GEOGRAPHY
People and Cultures of Latin America
*Most of Latin America was settled by the Spanish and Portuguese.
They intermarried with the local Indian tribes, producing
mestizos. They also imported many African slaves, and, in some
cases, intermarried (or at least interbred) with them, producing
mulattos. All parts of Latin America have some mixture of these
races.
*All parts of Latin America (except, of course, the English and Dutch
parts) are heavily Roman Catholic, although some parts also mix
Catholicism with native or African religions, one result of which is
Voodoo.
*Most of Central America is a mixture of European, Indian, and mestizo
races and cultures, as is most of the Latin Caribbean.
*Venezuela and Columbia tend to have higher percentages of
African-descended peoples, and a greater percentage of mulatto people,
but they also have many mestizo and European people as well.
*The Guyanas and most of the non-Hispanic Caribbean are mostly black,
being descended primarily from African slaves.
*The Andean nations, Ecuador, Peru, Bolivia, and Chile, as well as
Paraguay, have very high proportions of mestizo and more or less
pure-blood American Indians, although some of these nations,
particularly Chile, have a small but influential European elite.
*Brazil is one of the most mixed of all Latin American nations, and,
while the upper class remains mostly white and the favelas are still
predominantly black, there is still a great deal of opportunity for
people of all races and mixtures of races.
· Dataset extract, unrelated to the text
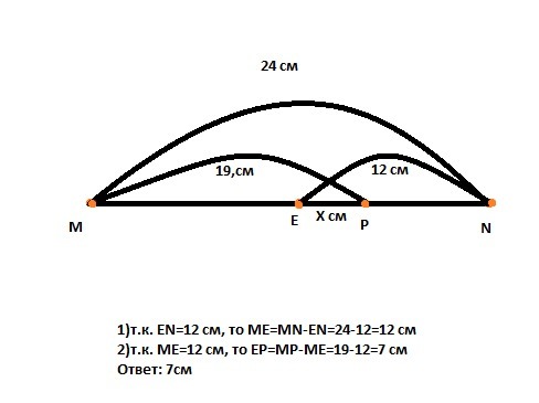 На отрезке MN равно 24 см отметели. Такую что МР равно 19 см и точку Е такую что ЕN равно 12 см Найдите длину отрезка EP. Помогите как её решить пожалуйста!

*Argentina and Uruguay are mostly European in background, partly
because of a great deal of European immigration there in the 19th
century (at much the same time that many people went to the USA).
*In some heavily Indian nations, Indian languages retain official
status: Bolivia and Peru place Quechua and Aymara—old Inca
languages--alongside Spanish, and Ecuador also preserves Quechua.
Paraguay uses Guarani, the language of many of its pre-Columbian
peoples, and Mexico and Guatemala recognise a number of Mayan
languages, most notably Nahuatl. Creole is a name given to mixed
languages created by the merging of African, Indian, and European
languages, and African-French Creole is a recognised language in Haiti,
and other Creoles are used throughout the Caribbean.
*Football is the most popular sport in most of Latin America, although
baseball is popular in many of the West Indies, and cricket is played
in most of the current and the former British colonies in the
region. Mexicans and Cubans also play a sport called jai alai, in
which balls are caught and thrown with baskets tied to players’ wrists.
*Latin Americans share much of the same music and the same television
(especially tellenovellas), but they also have some differences.
Dancing is very popular in most of Latin America, and different regions
have their specialties: the Cha-Cha comes from Haiti, Mambo
dancing from Cuba, and the Tango is from Argentina and Uruguay.
*Latin Americans love to party, and, as Catholics, many of their
parties fall on religious holidays or feasts—hence the name
fiesta. The most famous is Carnival, which takes place the week
before Lent (sort of like a week-long Mardi Gras). One of the
largest Carnival celebrations is held in Rio de Janeiro.